Присели на дорогу. Погрустневшая Анна Григорьевна сказала ему:
– Хорошо мне было с вами, Саша. Будете снова в этих местах – заезжайте проведать.
– Обязательно заеду, – сказал он, зная, что никогда уже не приедет в этот город и не увидит Анну Григорьевну. И она поняла его, помолчала и первая поднялась:
– Ну, поезжайте и будьте счастливы.
И вышла на крыльцо проводить его.
Он пошел по красной кирпичной дорожке навстречу почтовому ящику и, видя, что в нем ничего нет, все-таки по привычке открыл его и заглянул внутрь. Там ничего не было. Ящик был пустой и мокрый.
В Москву он прилетел на следующий день, и после тихой жизни у Анны Григорьевны шумная сутолока плотной, непрерывно движущейся массы людей раздражала его, он болезненно щурился от яркого солнечного света, инстинктивно избегал соприкосновения с толпой. Дел в Москве у него не было, и он собирался сразу ехать домой, но долго ходил по городу, покупал подарки жене и сыну и, наконец решившись отправиться на вокзал – вдруг зашел в пивной бар. Недолго сидел один, нехотя потягивал пиво, оглядывал низкий прокуренный зал, освещенный холодным белым светом. А потом сели за его стол четверо молодых рослых парней, разговаривающих уверенными громкими голосами. Было им лет по девятнадцать-двадцать, и Александр с неожиданным любопытством стал присматриваться к ним. Почему-то появилось острое желание узнать – чем живут эти люди, как думают и – как любят?

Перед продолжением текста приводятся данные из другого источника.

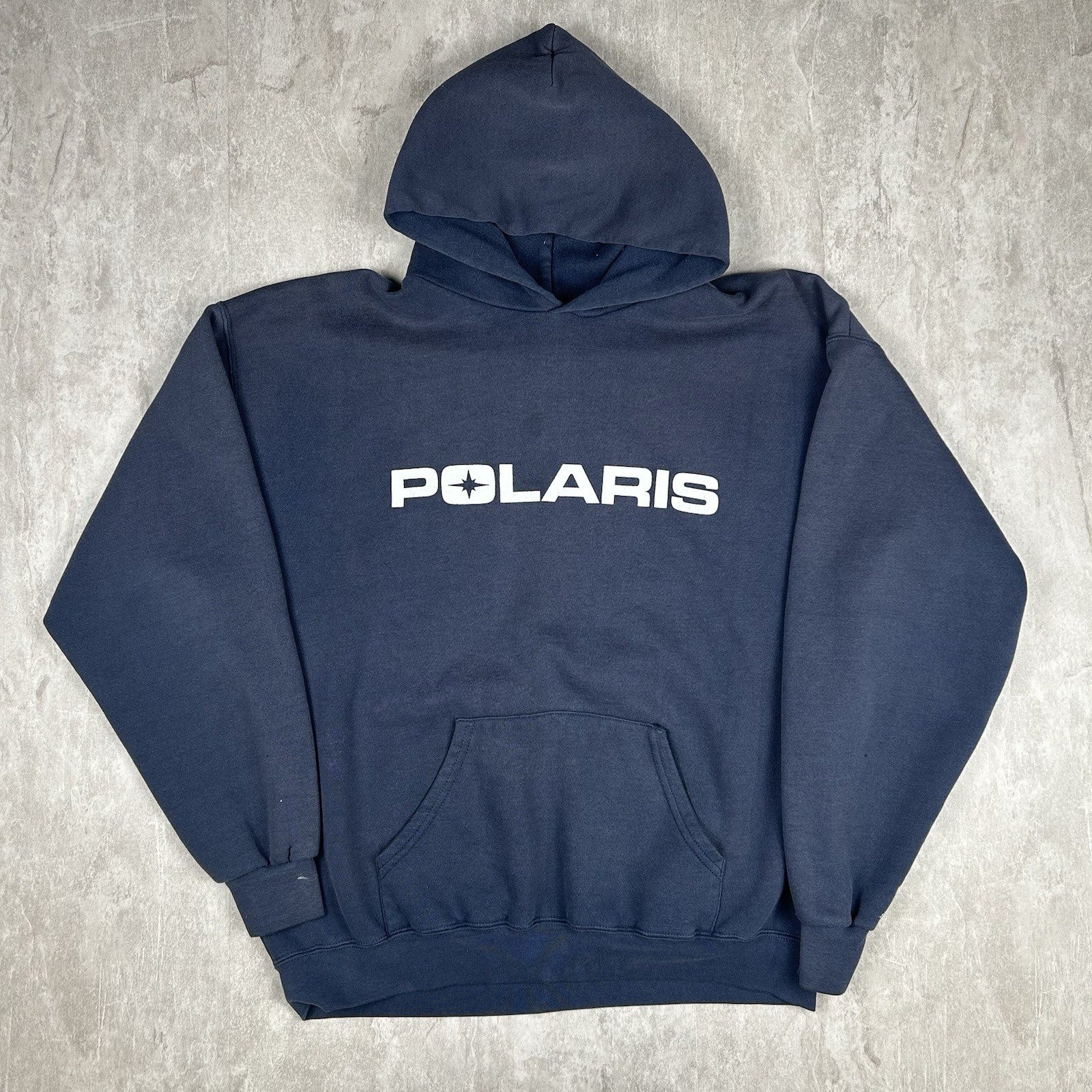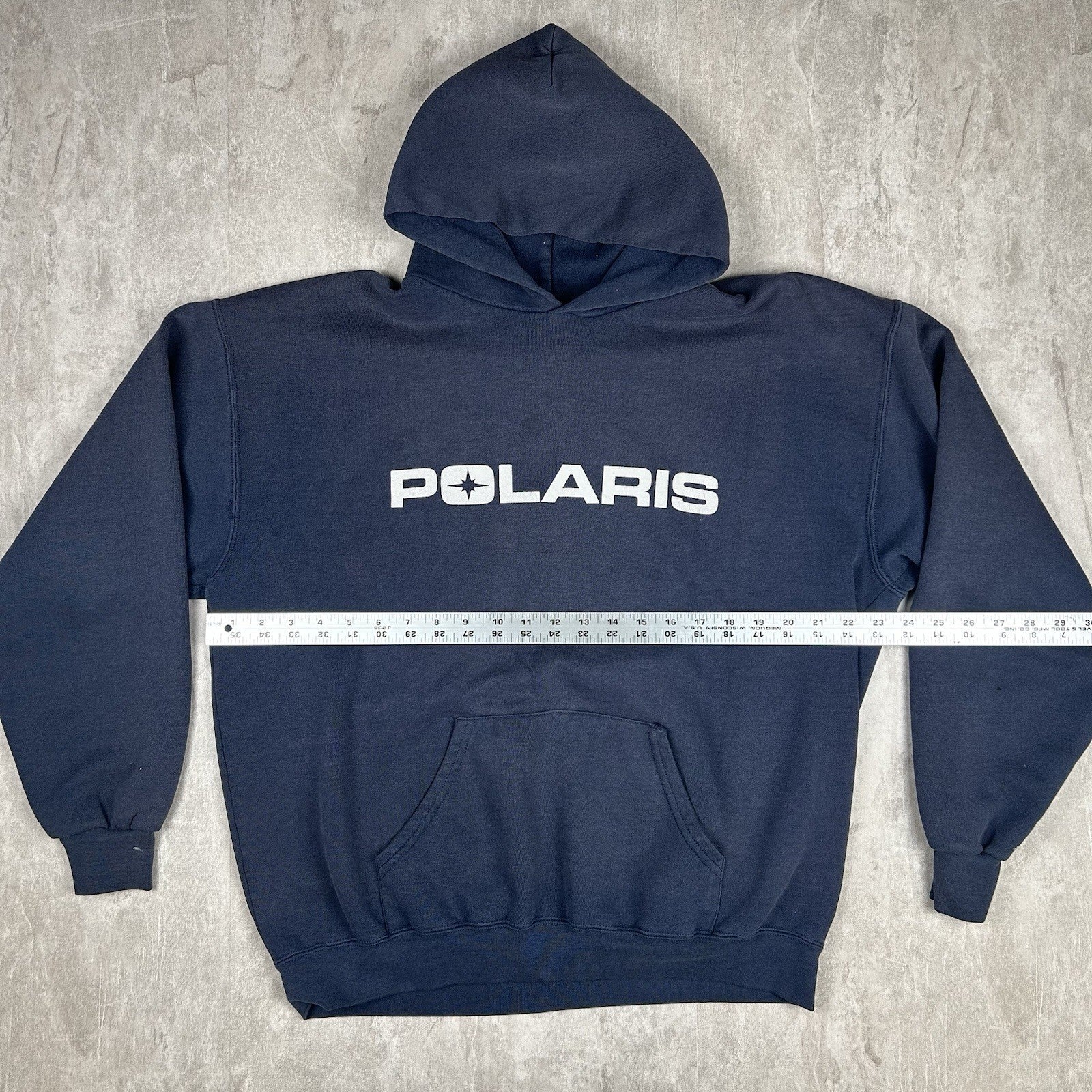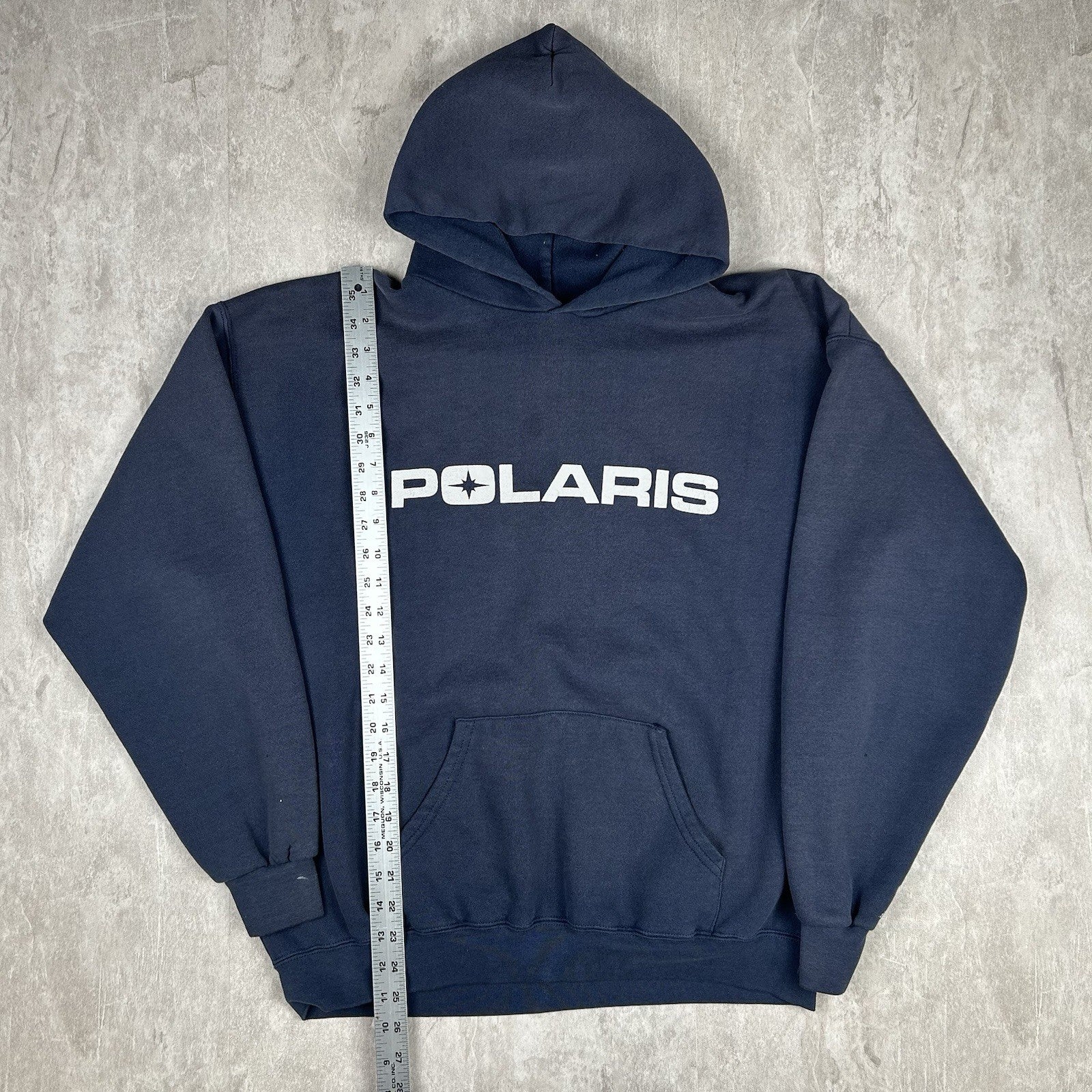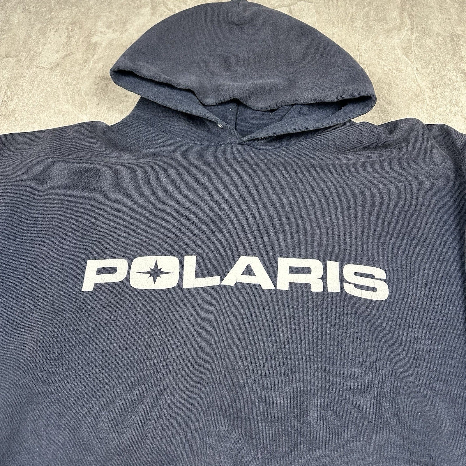 Vintage Polaris Hoodie Blue Sweatshirt Snowmobile Racing Men’s Size Unknown

Четверо не обращали на него никакого внимания, словно никого, кроме них, и не было за столом. Тон в разговоре задавали двое – у одного на правой руке поблескивало золотое обручальное кольцо, у другого на лацкане пиджака внушительно вырисовывался прямоугольный значок «Мастера спорта».
Говорили они о предстоящих экзаменах, о каких-то компаниях, вечерах и выпивках, – и о девушках. И обо всем говорилось одинаково – ровными, небрежными голосами, щедро пересыпали свою речь жаргонными словечками, безаппеляционно кидали «мура», «чудишь, старик», «заметано», бездумно матерились, почти не понижая голоса. Александр видел, что это маска, стереотип бездумного поведения, – обязательная небрежность, чуть-чуть цинизма, снисходительная самоуверенность, – но что скрывалось за этой оболочкой? И зачем понадобилась им эта маска?
Маска казалась безукоризненной, плотно приросшей к этой четверке, – за полчаса разговора ни один из них не сбился с заученного тона. И они, вероятно, сами не замечали, как безлико выглядят со стороны, какой наивной кажется их самоуверенность, и Александр с недоумением подумал: зачем им это нужно? Ведь – не глупы же они...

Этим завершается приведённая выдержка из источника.